French general of division

Frédéric-Louis-Henri, comte de Walther (20 June 1761 – 24 November 1813), was a French general of division and a supporter of Napoleon Bonaparte. He fought in the Revolutionary and Napoleonic wars.

He enlisted in 1781 and, in his 30-year career, he saw action at the major battles in Europe. He fought in André Masséna's Army of Switzerland, where he participated in the Winterthur and First and Second Battles of Zürich, the campaigns of 1806 against Prussia, and Napoleon's invasion of Russia. After the Russian and Saxon campaign, while suffering from exhaustion, he contracted typhus and died in Kusel, in the Saarland. He was buried at the Panthéon, and his name is listed on the Arc de Triomphe in Paris.

==Family==

Walther was the son of Georges Henri Walther, a Lutheran pastor, and Marie Elisabeth Chatel of Montbéliard. He was born in Obenheim, in the Alsace region of the Bas-Rhin. His cousins, Frédéric Cuvier and Georges Cuvier, were naturalists and zoologists. He married 20-year-old Salome-Louise Coulman on 12 April 1802. They had two daughters, born 1803 and 1807; in 1810, a third child was still-born.

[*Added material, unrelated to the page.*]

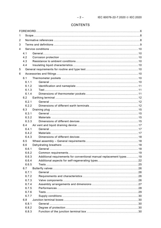 IEC 60076-22-7:2020 applies to a selection of accessories and fittings mounted on liquid immersed power transformers according to IEC 60076-1 and reactors according to IEC 600766 with or without conservator for indoor or outdoor installation. It outlines the service conditions and the mechanical requirements that are common to all the accessories and fittings. This document also outlines the operation requirements specific to each device as well as the preferred dimensions relevant for interchangeability and the type and routine test to be performed.This document covers an exhaustive selection of the accessories and fittings that are currently used on transformers or reactors.

Initially he enlisted as a simple soldier in the Berchény Hussars. This unit was included in the 1791 reorganization, and became the 1st Regiment of Hussars. On 10 May 1792, he received a commission as a lieutenant.

==Military career==

During the War of the First Coalition, he was active at the battle of Neerwinden and the campaign on the Piave River in northern Italy. During these campaigns, he proved equally adept at leading heavy or light cavalry, although some military analysts consider he was a better heavy cavalry leader. In 1793, he was promoted to general of brigade.

In the War of the Second Coalition, he participated in the French defeats at Ostrach and Stockach in March 1799, and served under the newly promoted Michel Ney on the forward line of defense of the Swiss city of Zürich. At the Battle of Winterthur, he directed the rear guard action covering Ney's retreat through Winterthur, holding a key bridge cross of the Tōss River for 90 minutes against a larger Austrian force under command of Friedrich Freiherr von Hotze.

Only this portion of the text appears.